Why collaboration is essential if we are to successfully tackle COVID-19.

By: Professor Brendan Crabb AC   |   Director and CEO of the Burnet Institute

COVID-19, represents an unprecedented health and economic challenge to our community in Australia, and our neighbours around the world.

The best information to date indicates that fatality rates are significantly higher than that of seasonal flu/influenza, and it is having a disproportionate impact on older people, and those with pre-existing medical conditions, such as cardiovascular disease, chronic respiratory disease or diabetes. COVID-19 is caused by a new virus, meaning there is no immunity in the population, and so even though most younger people will experience only mild symptoms, everyone is susceptible to being infected, and infecting other people in turn.

The economic and social impact is only just being felt, with a recession now likely, asset prices deflating, travel and work disruption, and real-world potential for casual contractors, low-income and other vulnerable communities to be disproportionately impacted.

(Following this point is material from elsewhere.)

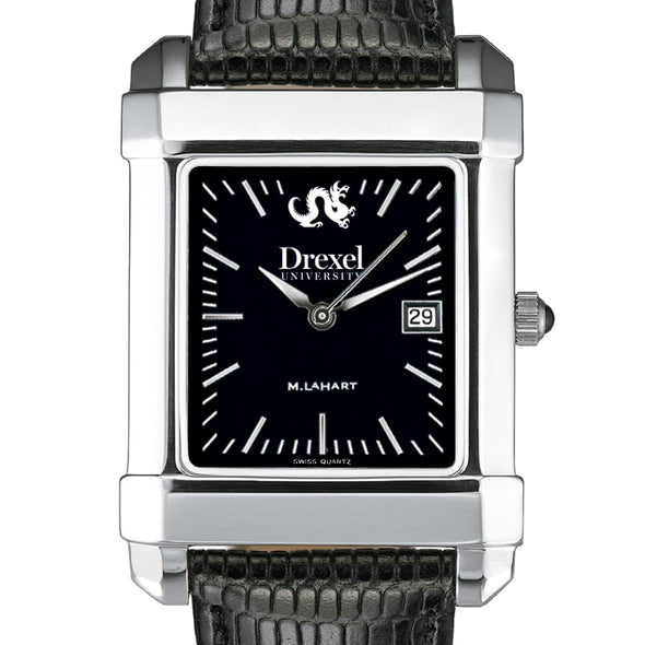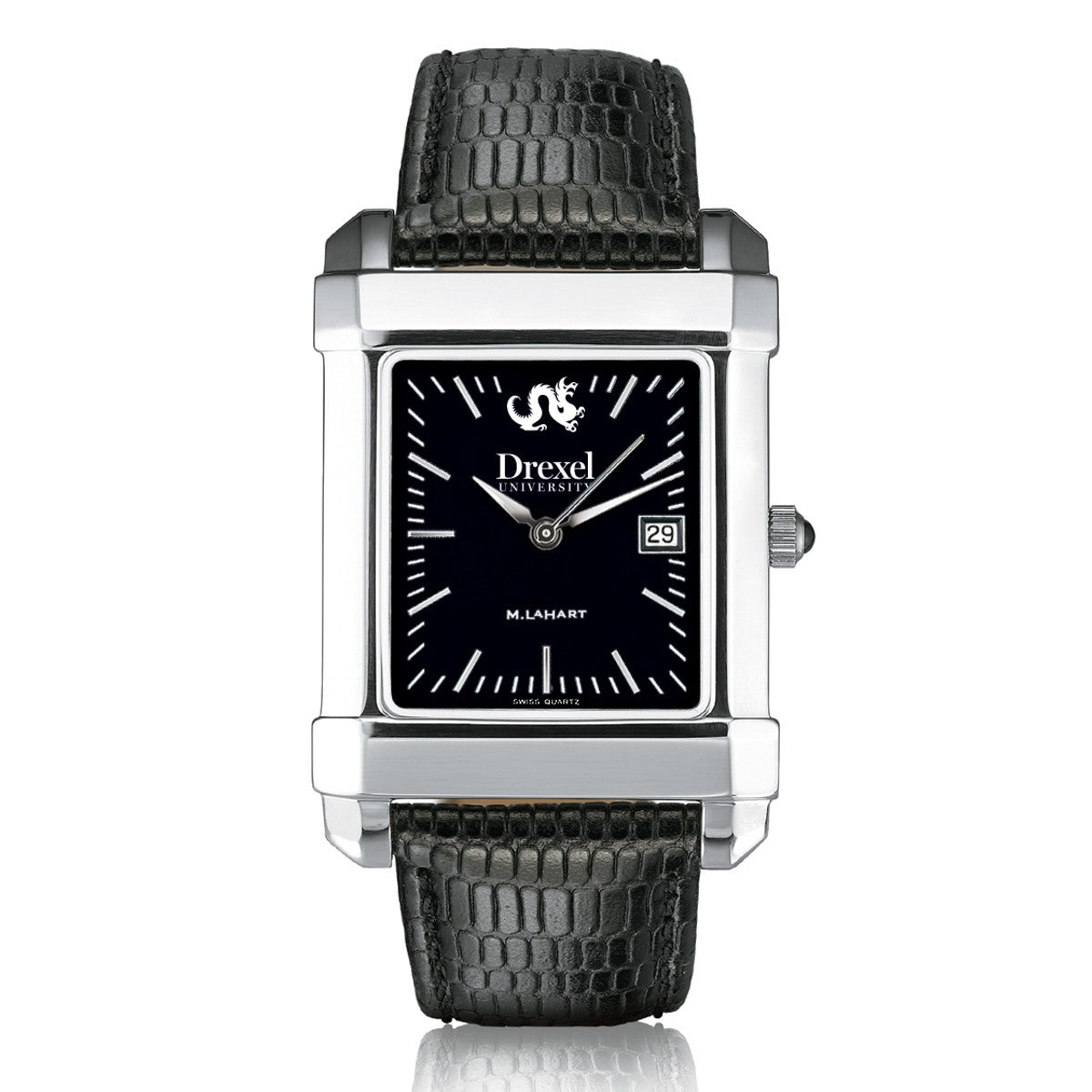 Drexel University men's steel watch featuring the Drexel Logo on black dial.

An urgent, collaborative response is needed if we are to successfully tackle COVID-19 and the virus that causes it, SARS-CoV-2. It will require the collective effort of research, government, health, business, and philanthropy to prepare and manage an effective response. It will require multisectoral, cross-border and cross-discipline collaborations.  Australia can play a global role, as well as leading and supporting our Asia-pacific neighbours.

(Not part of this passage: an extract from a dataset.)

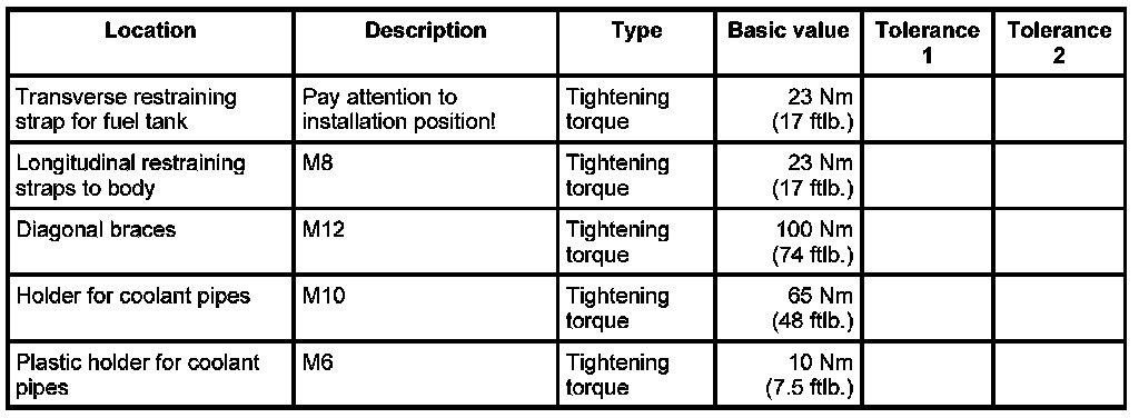 4. Place transverse restraining strap at the correct position on the tank and secure with two M8 screws. - Tightening torque: 23 Nm (17 ftlb.)

Research will go hand in hand with our front-line health response, and one cannot be effective without the other. The WHO has presented a research roadmap to identify gaps and focus research. Vaccines, rapid point-of-care diagnostics, anti-virals, public health and epidemiology, and open sharing of data and materials are critical parts of that road map.

For over 30 years, Burnet Institute has been at the forefront of infectious disease research and public health. Our infectious disease, diagnostics and public health teams are part of a number of state, national and global infectious disease emergency collaborations and networks, and as part of Burnet’s Health Security Program, have been monitoring and preparing for an event like this. 

Our own response has been to look at the skills, knowledge, expertise and capacity that make us unique and pivot these towards supporting the global research and public health effort, directly and in partnership. 

A few weeks ago, we activated the first phase of our response.

This has included our Global Health Diagnostics Lab, led by Associate Professor David Anderson, which is developing a test to help identify people who have been infected. This will enable people to return to work post-infection, which will be critical for key front-line services, in particular the health sector, who are disproportionately exposed to infection.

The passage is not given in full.